Start of Records shown

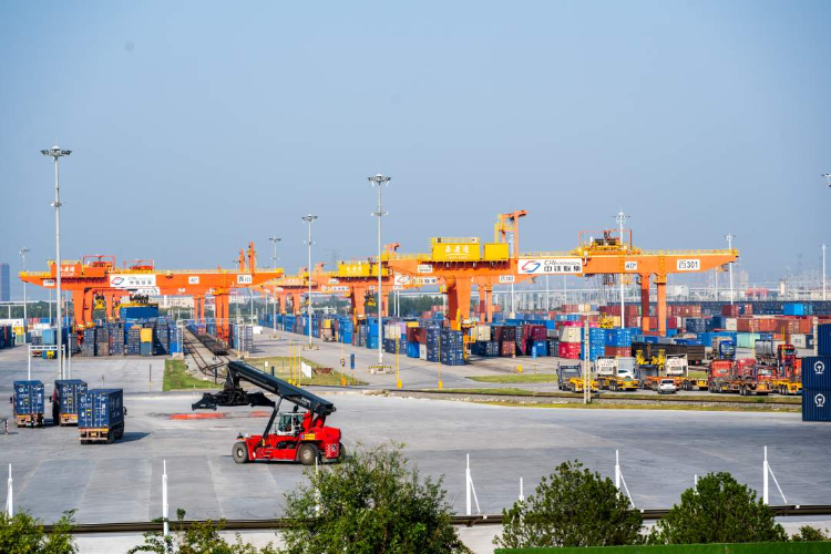 10月14日,2023“一帶一路”媒體合作論壇歐亞主流媒體考察團(tuán)來(lái)到西安國(guó)際港務(wù)區(qū)。站在高處眺望,不遠(yuǎn)處的龍門(mén)吊正吊運(yùn)集裝箱,映入眼簾的是一片繁忙的景象。
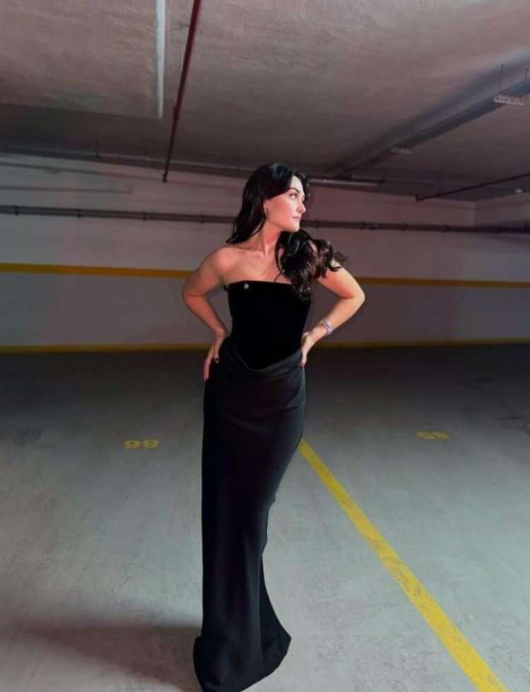 Ünlü oyuncu pozlarını 7 milyon takipçisi bulunan Instagram hesabından paylaştı. Otoparktan paylaşım yapan oyuncunun uzun siyah elbisesi ve kusursuz makyajı ise tam not aldı.
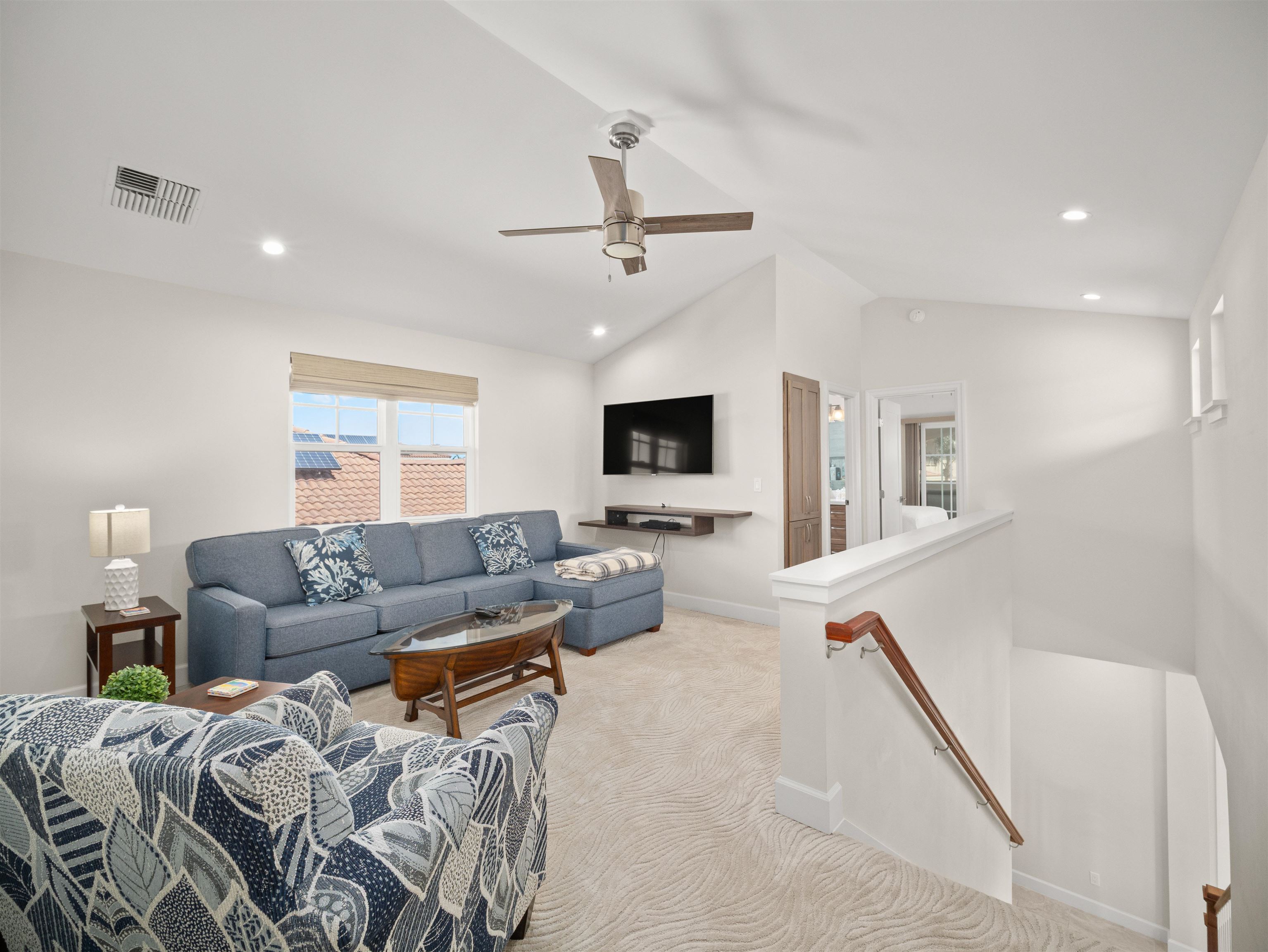 Best described as showroom condition, this lightly lived-in 3-bedroom, 2.5-bath home showcases the preferred Hokulani floor plan with the primary suite conveniently located on the first level. The open-concept design highlights 12-foot ceilings, abundant natural light, and seamless indoor-outdoor living. Upstairs youll find two spacious guest suites, a full bath, and a generous entertainment area that opens to a private lanaiperfect for relaxing or hosting visiting family and friends. Offered fully furnished with designer pieces, this home is truly turnkey and ready for immediate enjoyment. The two-car garage provides excellent storage, making it an ideal choice for a primary residence or lock-and-leave second home. Hokulani Golf Villas is a gated community surrounded by the back nine holes of the Maui Nui Golf Course, designed to create a serene, open-space atmosphere with manicured grounds, a stunning infinity pool, and clubhouse amenities. Enjoy the best of South Maui livingminutes from world-class beaches, dining, and shopping, yet tucked away in one of Kiheis most peaceful and beautifully maintained neighborhoods.
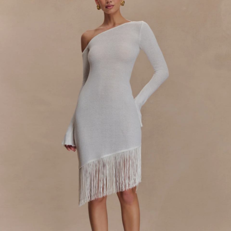 Collection Printemps – Nouvelle Robe Décontractée Femme Personnalisée, Mini-Robe Sexy en Coton à Épaule Unique, Robe Décontractée Extensible de Haute Qualité avec Ourlet à Franges
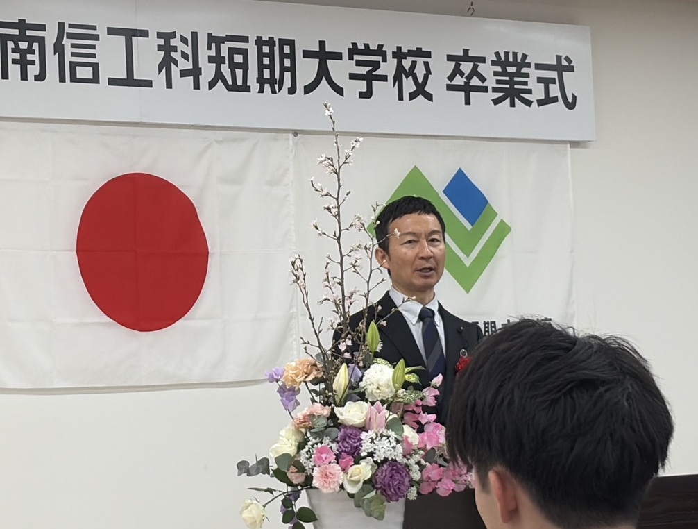 長野県南信工科短期大学校の卒業式があり、来賓出席。
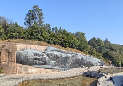 三水大佛建于1994年,现为我国第一大卧佛。大佛依山临水,姿态舒展而从容,表情柔和安详。 据载唐代六祖惠能大师(公元638-713年)云游至三水,梦见佛陀临水而卧,天仙岩紫光耀目。惠能大师来到天仙岩,梦见的圣迹化为天然奇石,横卧于烟云之中。1994年农历四月初八日,大佛依造像仪轨敬造完成并举行了开光…

End of Records shown

__Problem details__. Nothing but the lines from the one containing "Collection Printemps –" through the last line of the data should appear in the answer, copied exactly, with pictures excluded.

__Task solution__.
 Collection Printemps – Nouvelle Robe Décontractée Femme Personnalisée, Mini-Robe Sexy en Coton à Épaule Unique, Robe Décontractée Extensible de Haute Qualité avec Ourlet à Franges
 長野県南信工科短期大学校の卒業式があり、来賓出席。
 三水大佛建于1994年,现为我国第一大卧佛。大佛依山临水,姿态舒展而从容,表情柔和安详。 据载唐代六祖惠能大师(公元638-713年)云游至三水,梦见佛陀临水而卧,天仙岩紫光耀目。惠能大师来到天仙岩,梦见的圣迹化为天然奇石,横卧于烟云之中。1994年农历四月初八日,大佛依造像仪轨敬造完成并举行了开光…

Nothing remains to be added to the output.